YOUR OBJECTIVE
Taking the line with "Japan 3D Mountain" as the first and the line with "位于青浦區的金澤古鎮,是典型" as the last, set down the lines below exactly, pictures excluded.

SUPPLIED ENTRIES
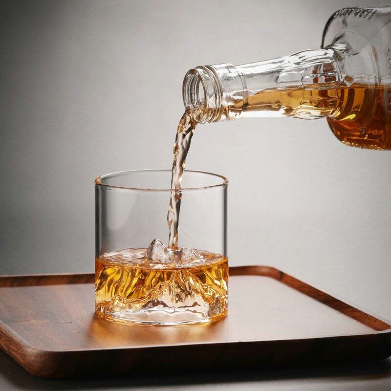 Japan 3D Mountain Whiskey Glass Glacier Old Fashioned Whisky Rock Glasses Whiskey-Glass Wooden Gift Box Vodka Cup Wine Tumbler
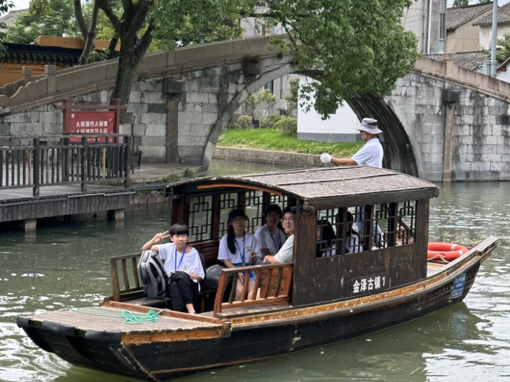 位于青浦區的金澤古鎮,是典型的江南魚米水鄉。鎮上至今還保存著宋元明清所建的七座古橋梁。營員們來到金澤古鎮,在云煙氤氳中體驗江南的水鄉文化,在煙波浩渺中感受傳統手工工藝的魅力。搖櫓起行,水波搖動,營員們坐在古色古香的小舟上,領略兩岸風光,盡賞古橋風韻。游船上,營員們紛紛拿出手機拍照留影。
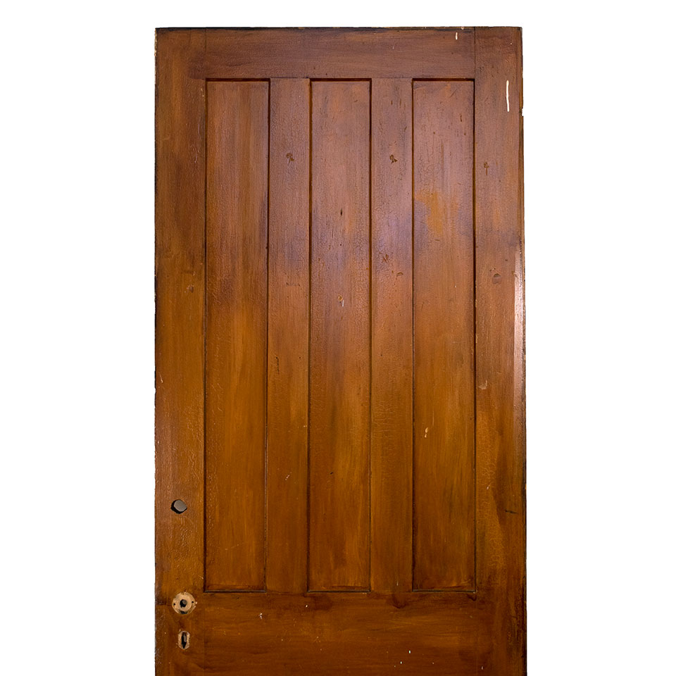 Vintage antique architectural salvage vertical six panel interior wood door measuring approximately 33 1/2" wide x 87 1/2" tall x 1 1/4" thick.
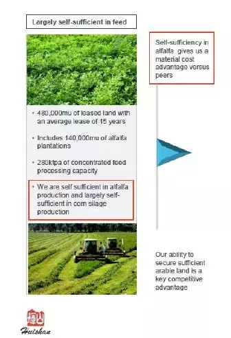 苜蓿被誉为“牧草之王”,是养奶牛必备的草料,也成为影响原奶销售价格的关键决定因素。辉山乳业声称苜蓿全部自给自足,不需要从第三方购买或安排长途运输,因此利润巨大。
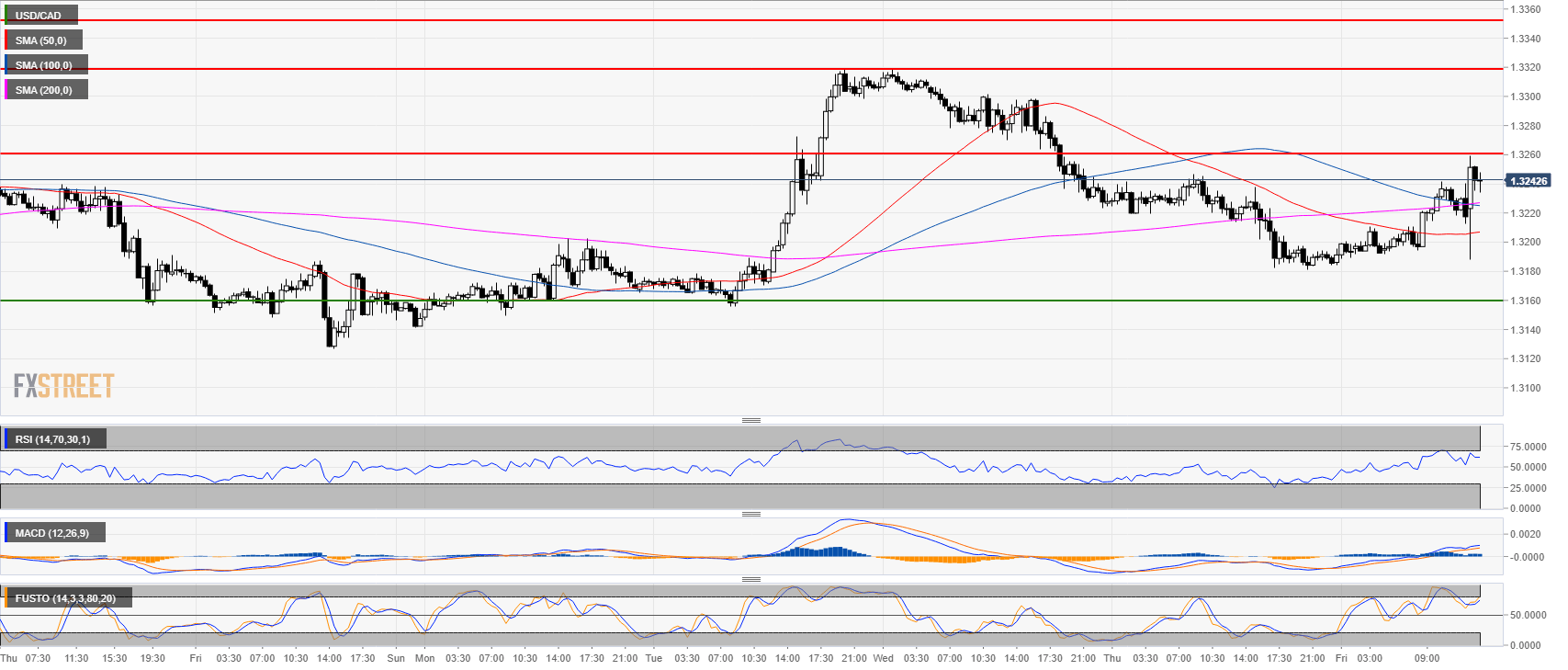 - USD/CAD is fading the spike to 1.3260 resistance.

* * *

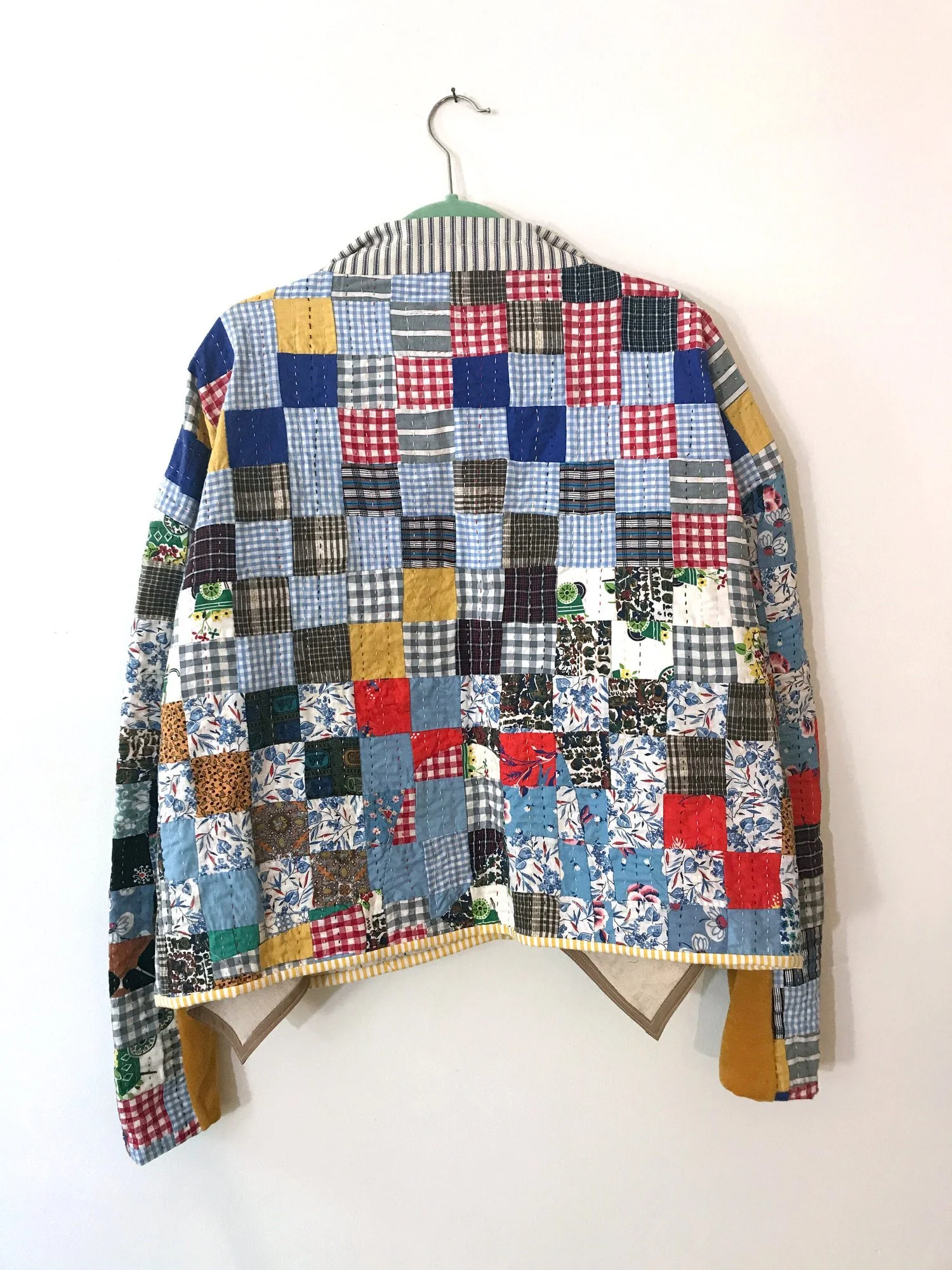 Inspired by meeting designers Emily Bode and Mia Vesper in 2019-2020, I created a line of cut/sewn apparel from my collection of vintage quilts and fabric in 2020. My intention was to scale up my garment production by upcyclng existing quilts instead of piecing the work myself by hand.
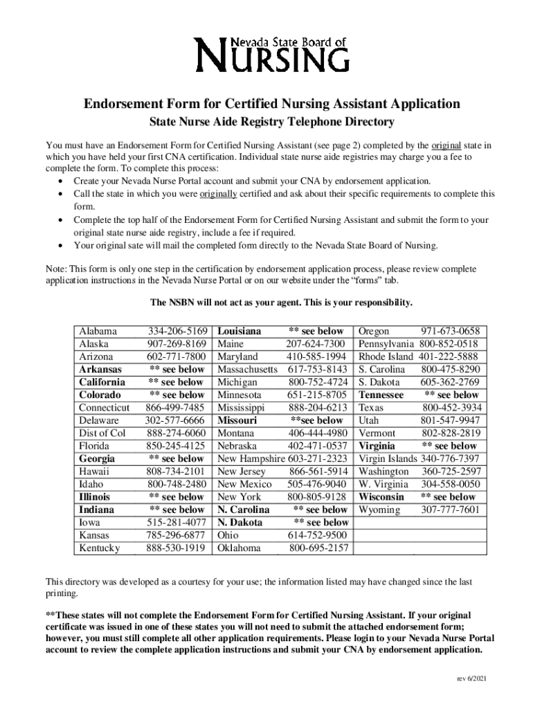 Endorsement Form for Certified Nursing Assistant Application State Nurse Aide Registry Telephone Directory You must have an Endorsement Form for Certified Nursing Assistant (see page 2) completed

RESPONSE AREA
 Japan 3D Mountain Whiskey Glass Glacier Old Fashioned Whisky Rock Glasses Whiskey-Glass Wooden Gift Box Vodka Cup Wine Tumbler
 位于青浦區的金澤古鎮,是典型的江南魚米水鄉。鎮上至今還保存著宋元明清所建的七座古橋梁。營員們來到金澤古鎮,在云煙氤氳中體驗江南的水鄉文化,在煙波浩渺中感受傳統手工工藝的魅力。搖櫓起行,水波搖動,營員們坐在古色古香的小舟上,領略兩岸風光,盡賞古橋風韻。游船上,營員們紛紛拿出手機拍照留影。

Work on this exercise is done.